Tried switching device to mps but got this:

Traceback (most recent call last):
  File "<stdin>", line 1, in <module>
  File "<stdin>", line 5, in prompt
  File "/Users/simon/.local/share/virtualenvs/llm-p4p8CDpq/lib/python3.10/site-packages/torch/utils/_contextlib.py", line 115, in decorate_context
    return func(*args, **kwargs)
  File "/Users/simon/.local/share/virtualenvs/llm-p4p8CDpq/lib/python3.10/site-packages/transformers/generation/utils.py", line 1642, in generate
    return self.sample(
  File "/Users/simon/.local/share/virtualenvs/llm-p4p8CDpq/lib/python3.10/site-packages/transformers/generation/utils.py", line 2724, in sample
    outputs = self(
  File "/Users/simon/.local/share/virtualenvs/llm-p4p8CDpq/lib/python3.10/site-packages/torch/nn/modules/module.py", line 1501, in _call_impl
    return forward_call(*args, **kwargs)
  File "/Users/simon/.cache/huggingface/modules/transformers_modules/smallcloudai/Refact-1_6B-fim/bdd25a3e0a3440b12964be202e27e9ee2cfce835/modeling_gpt_refact.py", line 540, in forward
    transformer_outputs = self.transformer(
  File "/Users/simon/.local/share/virtualenvs/llm-p4p8CDpq/lib/python3.10/site-packages/torch/nn/modules/module.py", line 1501, in _call_impl
    return forward_call(*args, **kwargs)
  File "/Users/simon/.cache/huggingface/modules/transformers_modules/smallcloudai/Refact-1_6B-fim/bdd25a3e0a3440b12964be202e27e9ee2cfce835/modeling_gpt_refact.py", line 422, in forward
    alibi = get_alibi_biases(hidden_states.shape[0], seq_length_with_past,
NotImplementedError: The following operation failed in the TorchScript interpreter.

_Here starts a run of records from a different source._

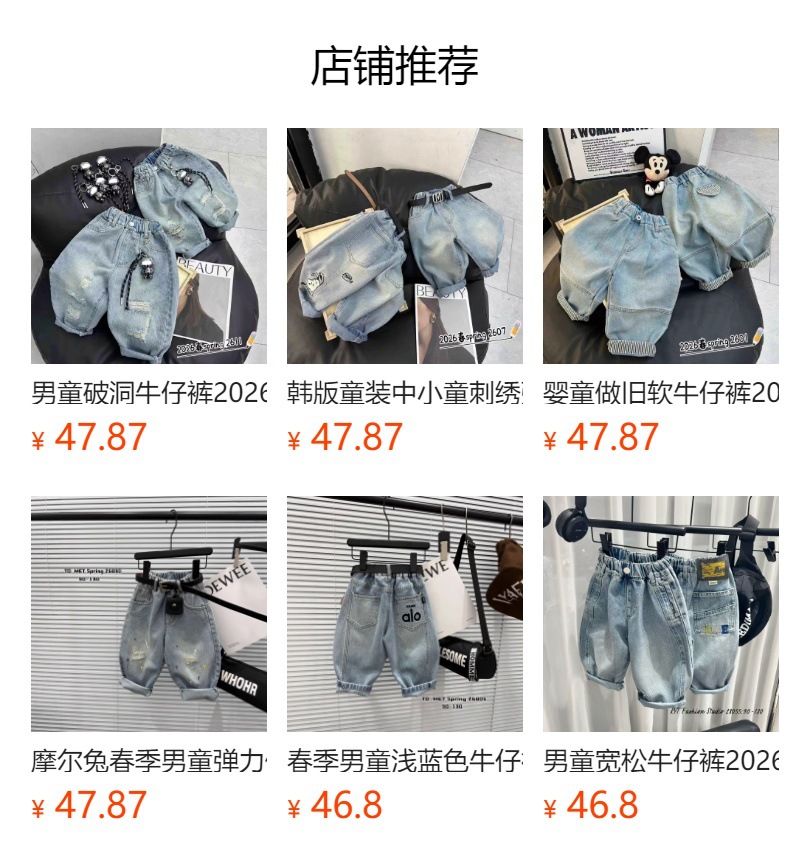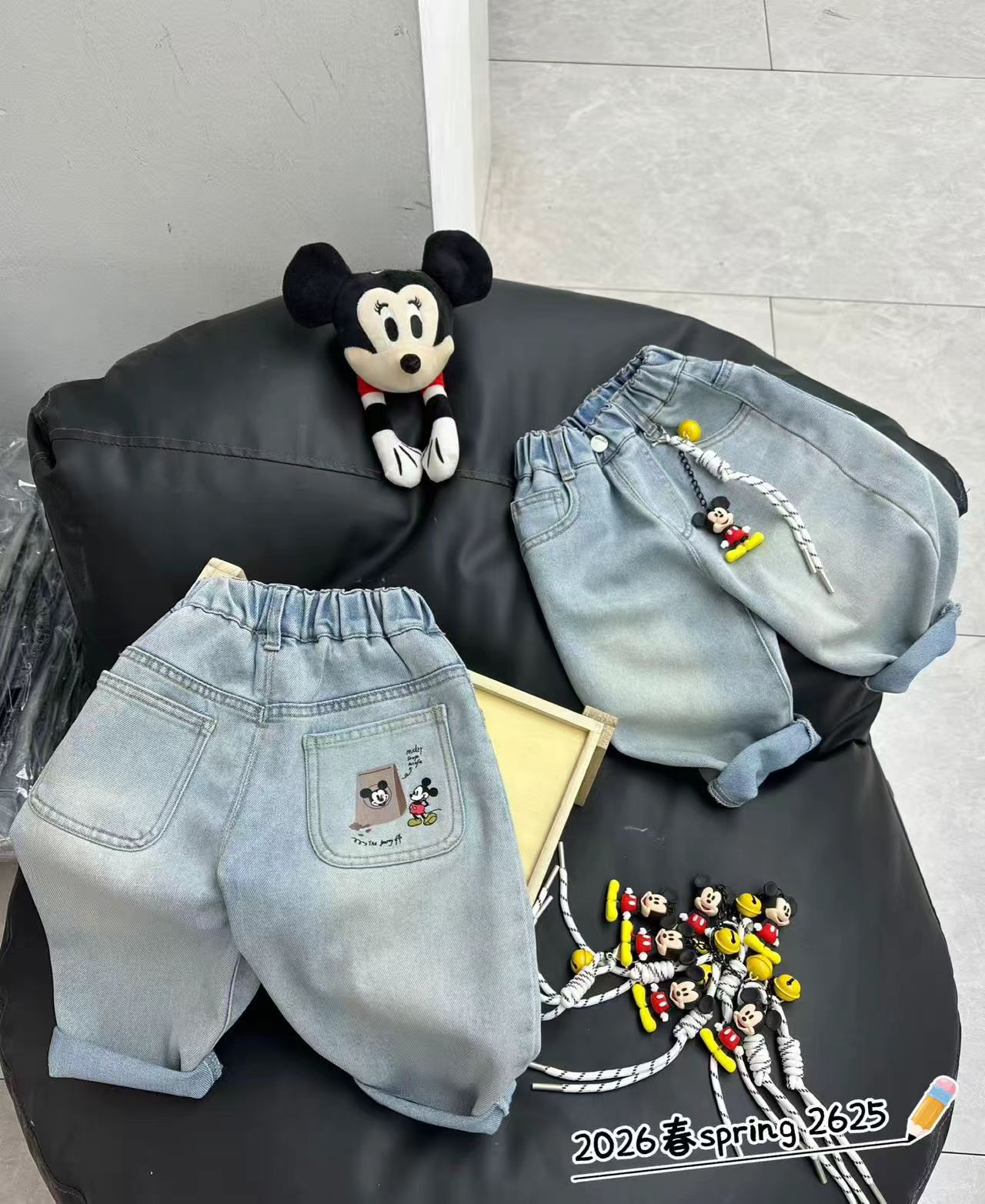 하오중하오 만화 캐릭터 남자 아기 신축성 데님 바지 2026 봄 유행 아동 바지 스타일리쉬 한국판 아동 바지스토어 가기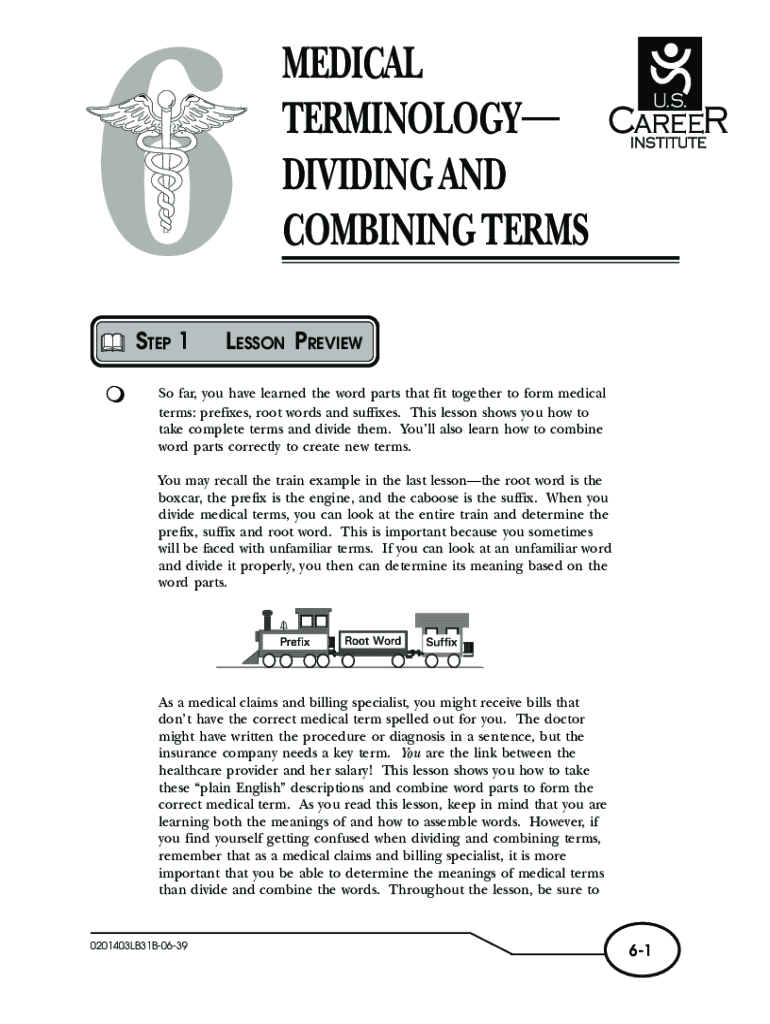 6 & STEP 1MEDICAL TERMINOLOGY DIVIDING AND COMBINING TERMSLESSON Previews far, you have learned the word parts that fit together to form medical terms: prefixes, root words and suffixes. This lesson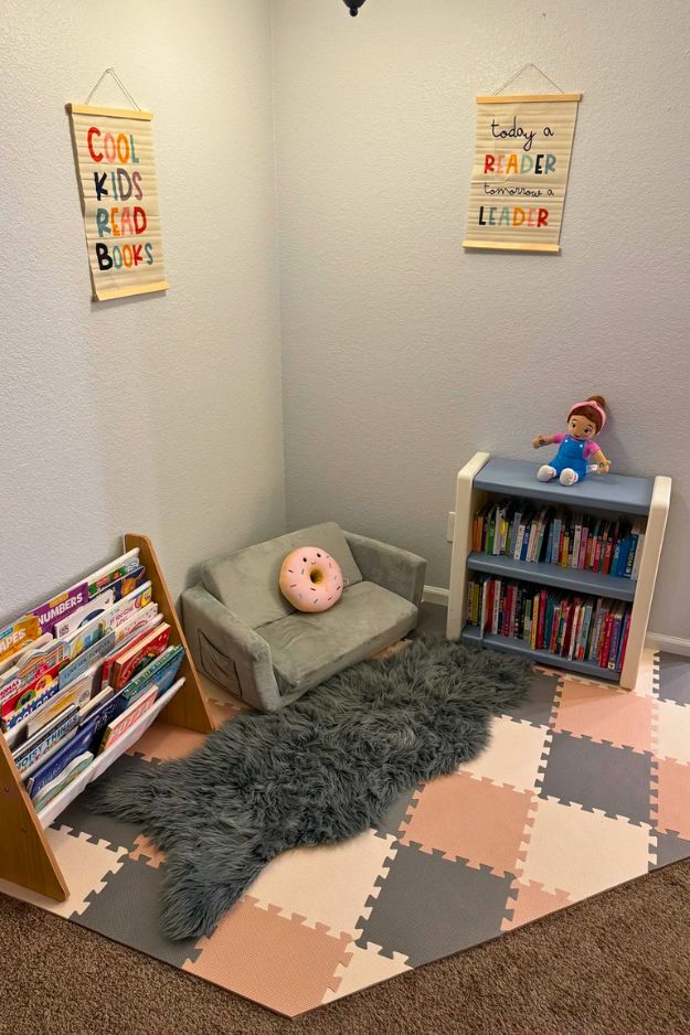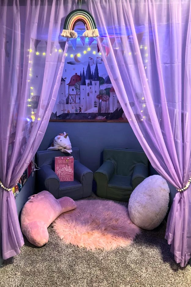That little snuggery is going to make their daughter’s core memories. Love rainbow light, the whimsical mural, and shelves filled with pretty picture books, it feels designed not just to be cute but to make reading irresistible.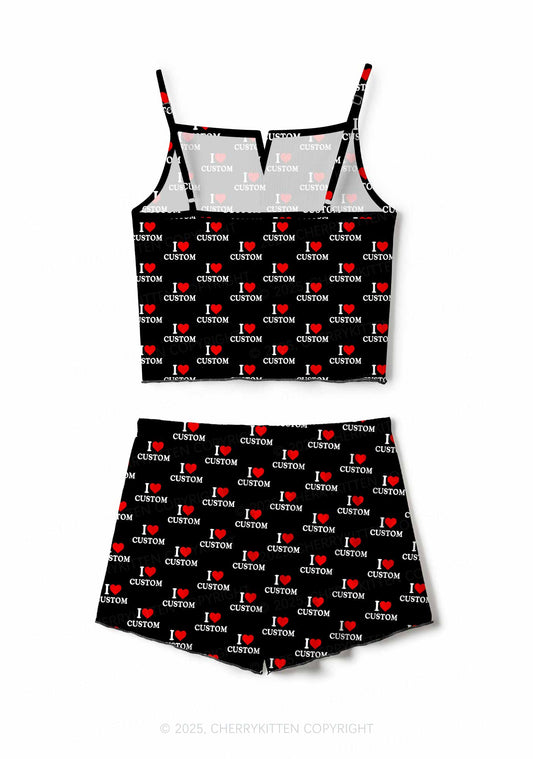 I Love Custom Valentine's Day Y2K Print Cami Shorts Pajama Set Cherrykitten

Traceback of TorchScript (most recent call last):
  File "/Users/simon/.cache/huggingface/modules/transformers_modules/smallcloudai/Refact-1_6B-fim/bdd25a3e0a3440b12964be202e27e9ee2cfce835/modeling_gpt_refact.py", line 103, in get_alibi_biases
        mask = torch.ones((T, T), device=dev, dtype=torch.bool)

    m = _get_slopes(attn_heads, dev)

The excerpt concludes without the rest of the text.